The overall endgame of Gaussian process regression is to write down a conditional distribution \(P(y_p | y_t)\) for a set of predicted outputs \(y_p\) given a set of training (observed) outputs \(y_t\). By the product rule

$$ P(y_p|y_t) = \frac{P(y_p,y_t)}{P(y_t)} $$

Since we have a constant set of data, \(P(y_t)\) is just a constant in this expression.

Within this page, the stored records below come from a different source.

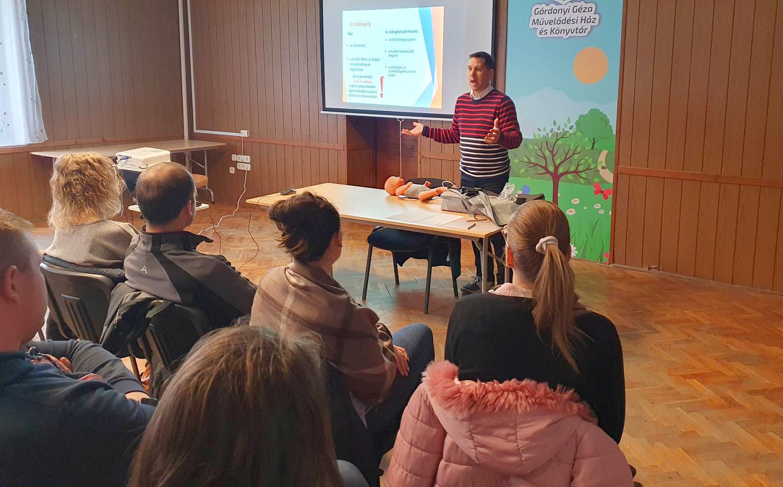 Az előadást Barta Balázs, a Humán Szolgáltató Intézet munkatársa tartotta, aki elmondta, hogy a foglalkozás célja az, hogy a csecsemő és kisgyermekkorban előforduló balesetekkel és minden olyan váratlan dologgal megismerkedjenek a szülők, ami csak előfordulhat egy kisgyermekek életében. Az előadáson szó volt azokról a hirtelen kezdődő és riasztó tüneteket mutató eseményekről is, amelyek nagyon gyakran mentőhívással végződnek. De amíg a mentő odaér, amíg a segítség megérkezik, addig szükség van arra, hogy ők is helytálljanak. Barta Balázs felvázolta az eshetőségeket egészen a legrosszabbaktól kezdve, amiktől mindenki fél, hogy például eszméletvesztéssel járó állapot következik be, vagy görcsrohama van a gyereknek.
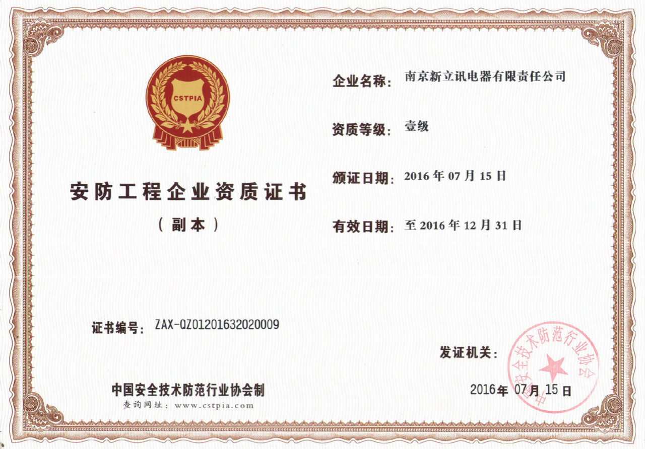 2015年7月,新立訊榮獲中國安全技術防范行業(yè)協(xié)會頒發(fā)的安防工程企業(yè)一級資質(zhì)證書,證書編號ZAX-QZ01201632020009,這不僅是公司在安防領域技術實力的體現(xiàn),同時獲得該證書也將進一步提升公司的知名度和影響力,增強公司的綜合競爭能力,為今后在安全技術防范領域業(yè)務市場的拓展奠定堅實基礎。
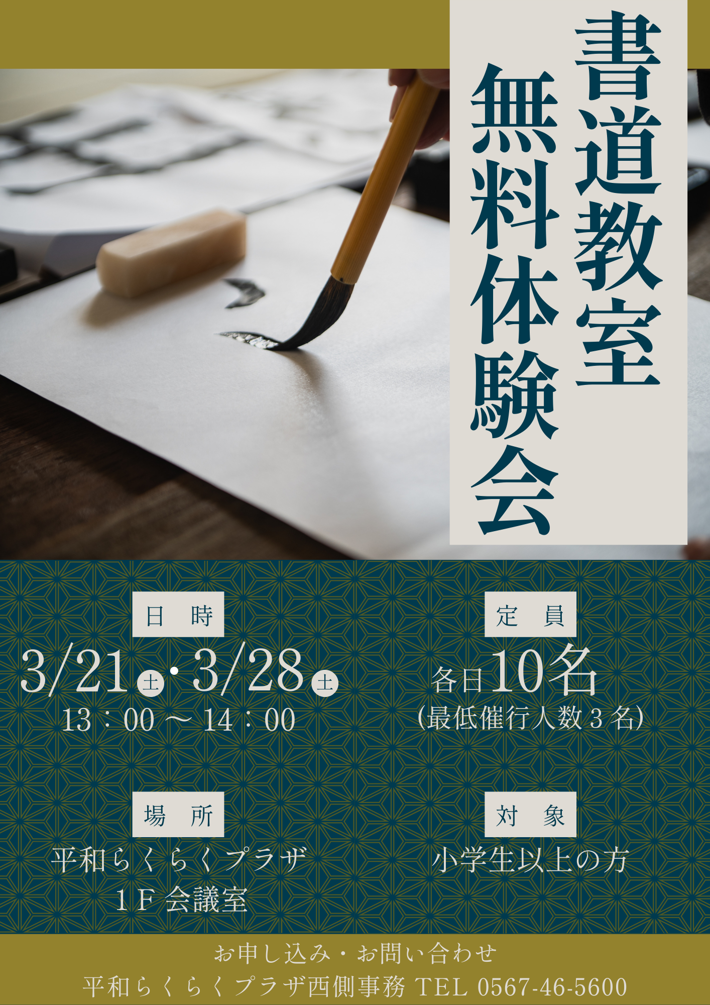 R8.4月開講予定の書道教室に先駆けて、無料体験会を開催いたします。小学生以上の方ならどなたでもご参加可能です。定員は各日10名です。最低催行人数に達しない場合は、開講いたしませんので、予めご了承ください。詳しくは、西側事務所までお問い合わせください。たくさんのご参加を心よりお待ちしております。
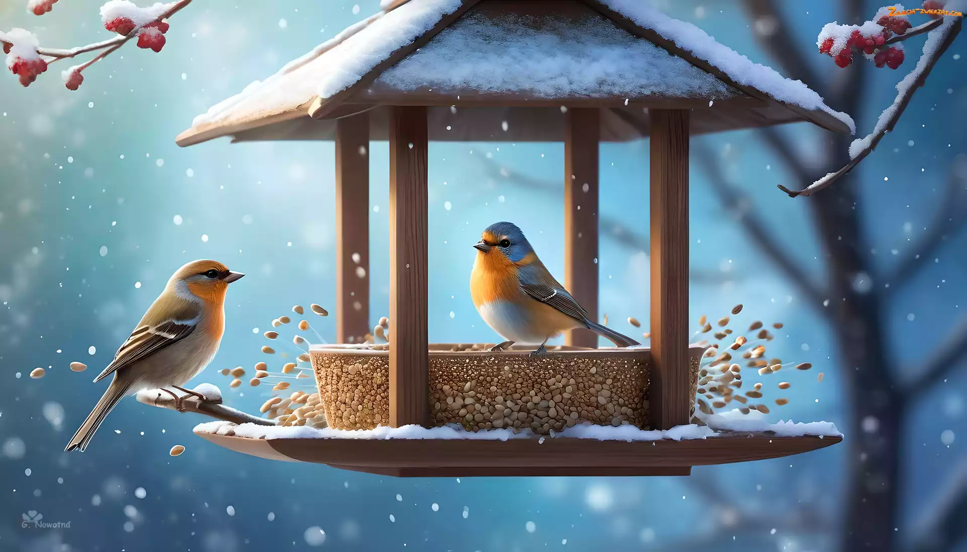 Zima, Karmnik, Grafika, Kolorowe, Ptaki
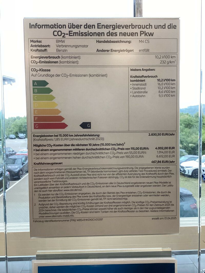 Information über den Energieverbrauch und die CO2-Emissionen des neuen PKW

The underlying assumption in Gaussian process regression is that outputs are jointly Gaussian distributed, so that

$$ P(y_p|y_t) \propto P(y_p,y_t) \propto \exp\left[-\frac{1}{2} \left(\begin{array}{c} y_t \ y_p \end{array}\right)^T\Sigma^{-1}\left(\begin{array}{c} y_t \ y_p \end{array}\right)\right] $$

Where \(\Sigma\) is the joint covariance matrix. Remember that under the Gaussian process model we have trained a function which computes the elements of the Covariance matrix purely as a function of the inputs, it is only a function of the outputs \(y_p\) that we're trying to find. We can define the covariance matrix blockwise

$$ \Sigma = \left(\begin{array}{cc} T & C^T \\ C & P \end{array}\right) $$

Where \(T\) is the covariance matrix computed using only the training inputs \(x_t\), \(P\) is the covariance matrix computed using the prediction inputs \(x_p\), and \(C\) is the cross terms (i.e. the covariance \emph{between} \(y_t\) and \(y_p\), computed using \(x_t\) and \(x_p\)). It is a well known result (it's in numerical recipes, or on Wikipedia) that you can blockwise invert a matrix;

$$ \Sigma^{-1} = \left(\begin{array}{cc}T^{-1} + T^{-1}C^T M CT^{-1} & -T^{-1}C^TM \\ -MCT^{-1} & M\end{array}\right) $$

Where \(M = (P-CT^{-1}C^T)^{-1}\). So, we can directly compute our Gaussian density

$$ P(y_p|y_t) \propto \exp\left[-\frac{1}{2} y_t^T(T^{-1} + T^{-1}C^T M CT^{-1})y_t + \frac{1}{2}y_t^T (T^{-1}C^TM)y_p + \frac{1}{2}y_p^T (MCT^{-1})y_t - \frac{1}{2}y_p^TMy_p\right] $$

However, the only thing that isn't a constant here is \(y_p\), so we can drop a bunch of terms (since we're only interested in the density, not absolute values)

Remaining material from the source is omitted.